I have a method which turns any Latin text (e.g. English, French, German, Polish) into its slug form,
e.g. Alpha Bravo Charlie
=> alpha-bravo-charlie
But it can't work for Cyrillic text (e.g. Russian), so what I'm wanting to do is transliterate the Cyrillic text to Latin characters, then slugify that.
Does anyone have a way to do such transliteration? Whether by actual source or a library.
I'm coding in C#, so a .NET library will work. Alternatively, if you have non-C# code, I'm sure I could convert it.
You can use .NET open source dll library UnidecodeSharpFork to transliterate Cyrillic and many more languages to Latin.
Example usage:
Assert.AreEqual("Rabota s kirillitsey", "Работа с кириллицей".Unidecode());
Assert.AreEqual("CZSczs", "ČŽŠčžš".Unidecode());
Assert.AreEqual("Hello, World!", "Hello, World!".Unidecode());
Testing Cyrillic:
/// <summary>
/// According to http://en.wikipedia.org/wiki/Romanization_of_Russian BGN/PCGN.

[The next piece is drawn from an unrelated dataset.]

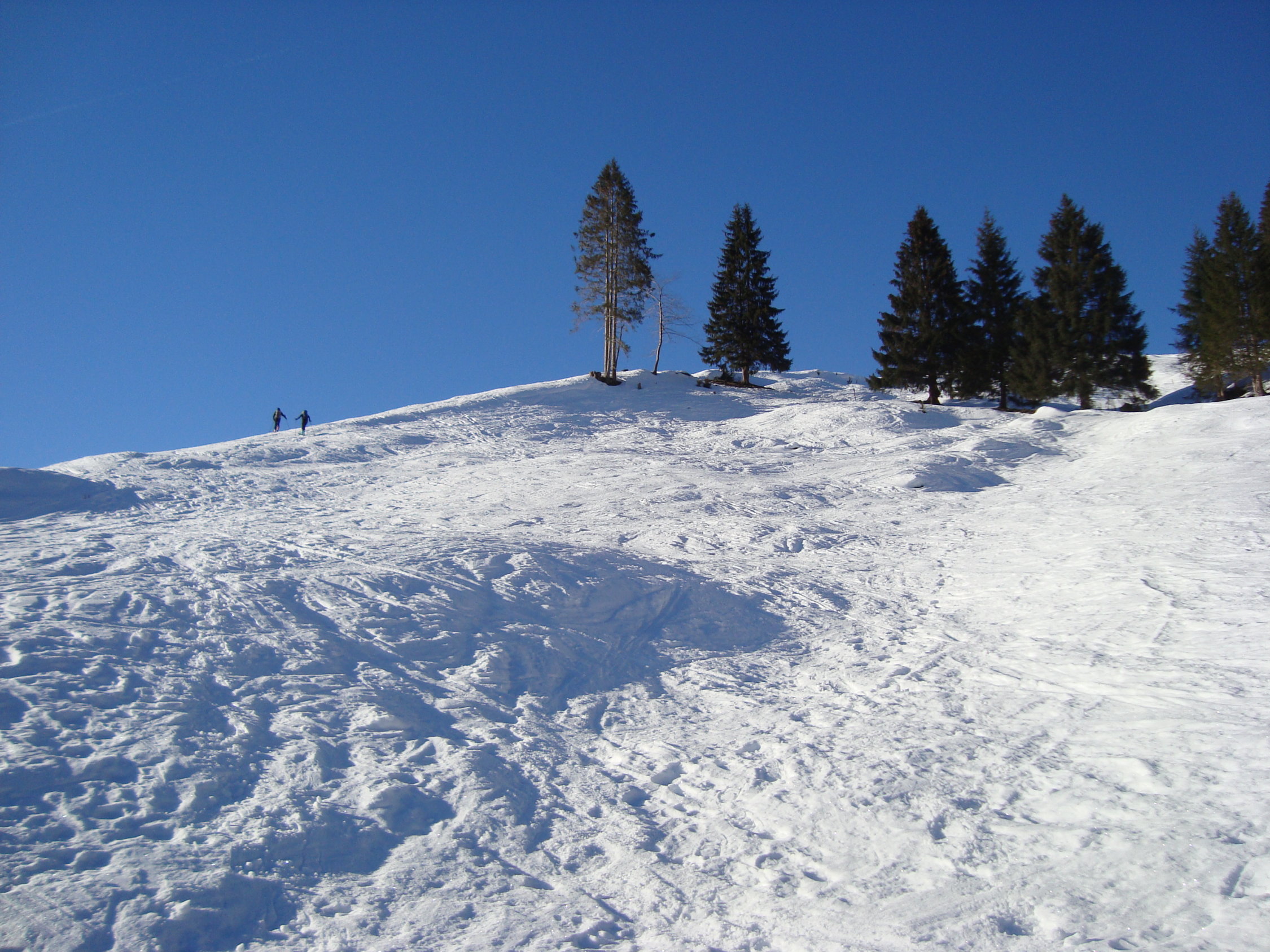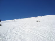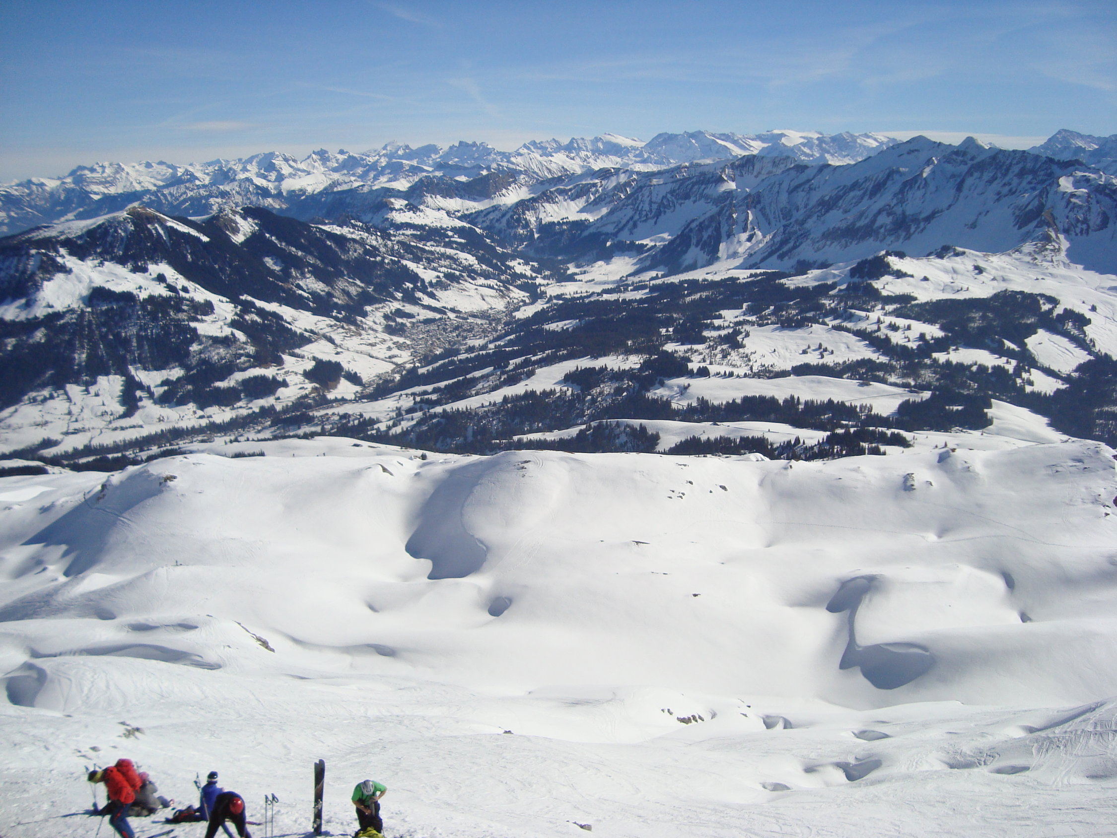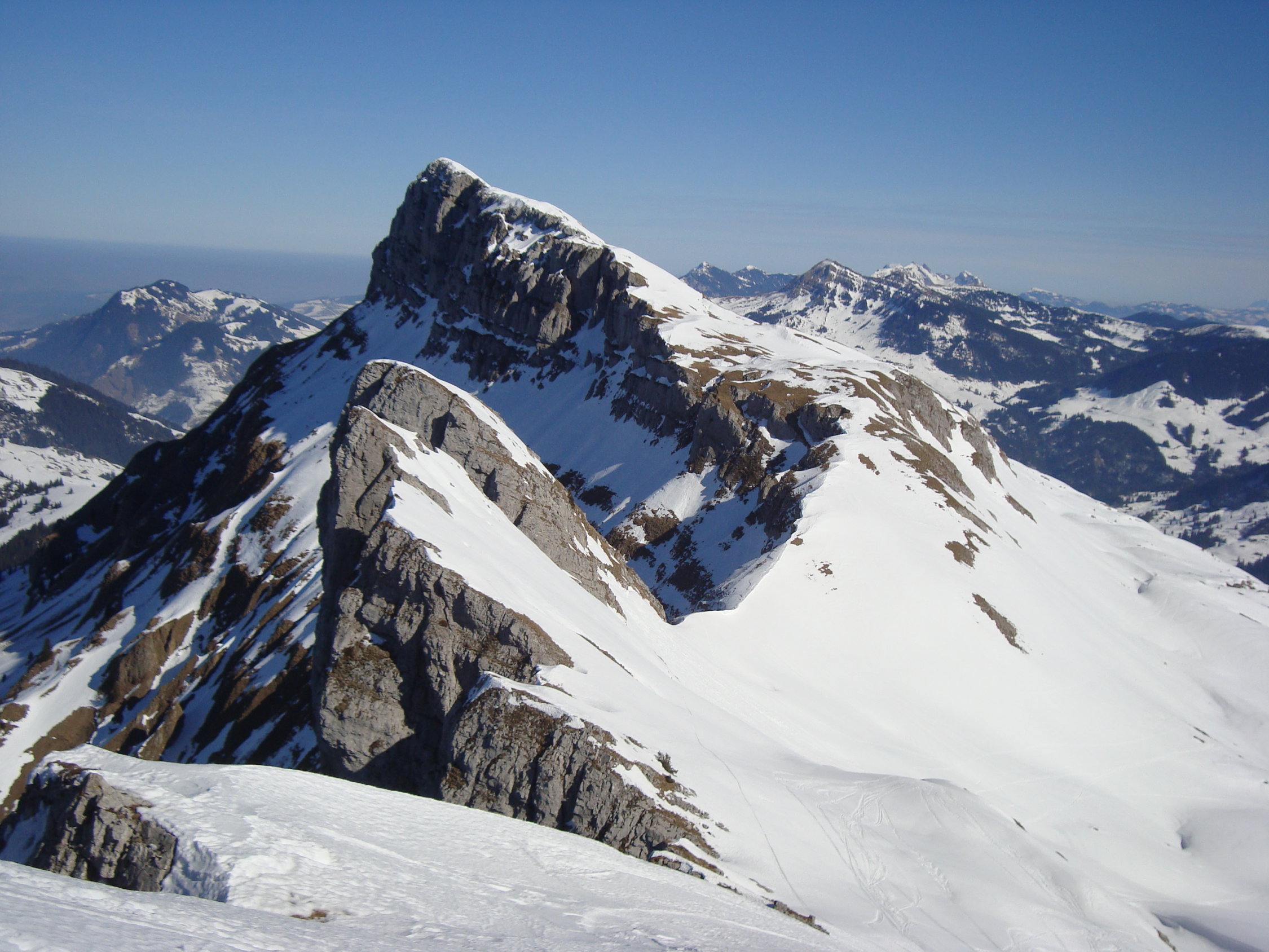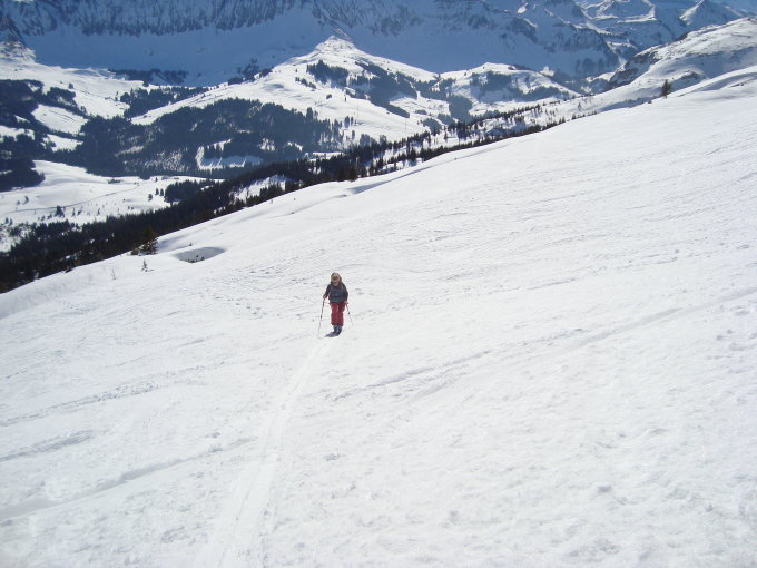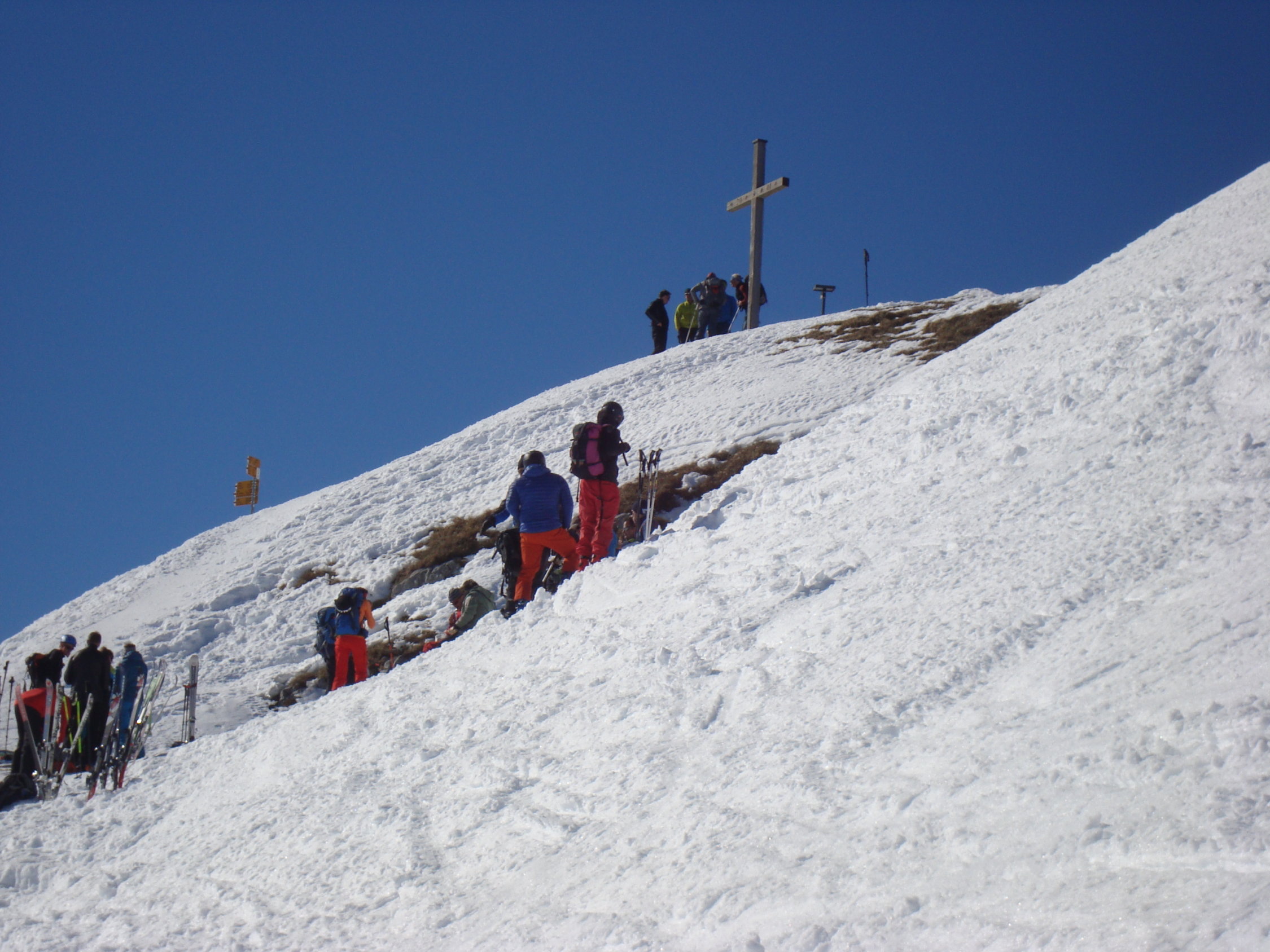 Der erste Hang zum Stächelegg war recht hart aber griffig. Danach mehr oder weniger angesulzter Schnee bis zum Gipfel, griffig und tragend. Pulver aufgrund der hohen Temperaturen und SO- Exposition selbstverständlich Fehlanzeige.

/// http://en.wikipedia.org/wiki/BGN/PCGN_romanization_of_Russian
/// With converting "ё" to "yo".
/// </summary>
[TestMethod]
public void RussianAlphabetTest()
{
string russianAlphabetLowercase = "а б в г д е ё ж з и й к л м н о п р с т у ф х ц ч ш щ ъ ы ь э ю я";
string russianAlphabetUppercase = "А Б В Г Д Е Ё Ж З И Й К Л М Н О П Р С Т У Ф Х Ц Ч Ш Щ Ъ Ы Ь Э Ю Я";
string expectedLowercase = "a b v g d e yo zh z i y k l m n o p r s t u f kh ts ch sh shch \" y ' e yu ya";
string expectedUppercase = "A B V G D E Yo Zh Z I Y K L M N O P R S T U F Kh Ts Ch Sh Shch \" Y ' E Yu Ya";
Assert.AreEqual(expectedLowercase, russianAlphabetLowercase.Unidecode());
Assert.AreEqual(expectedUppercase, russianAlphabetUppercase.Unidecode());
}
Simple, fast and powerful. And it's easy to extend/modify transliteration table if you want to.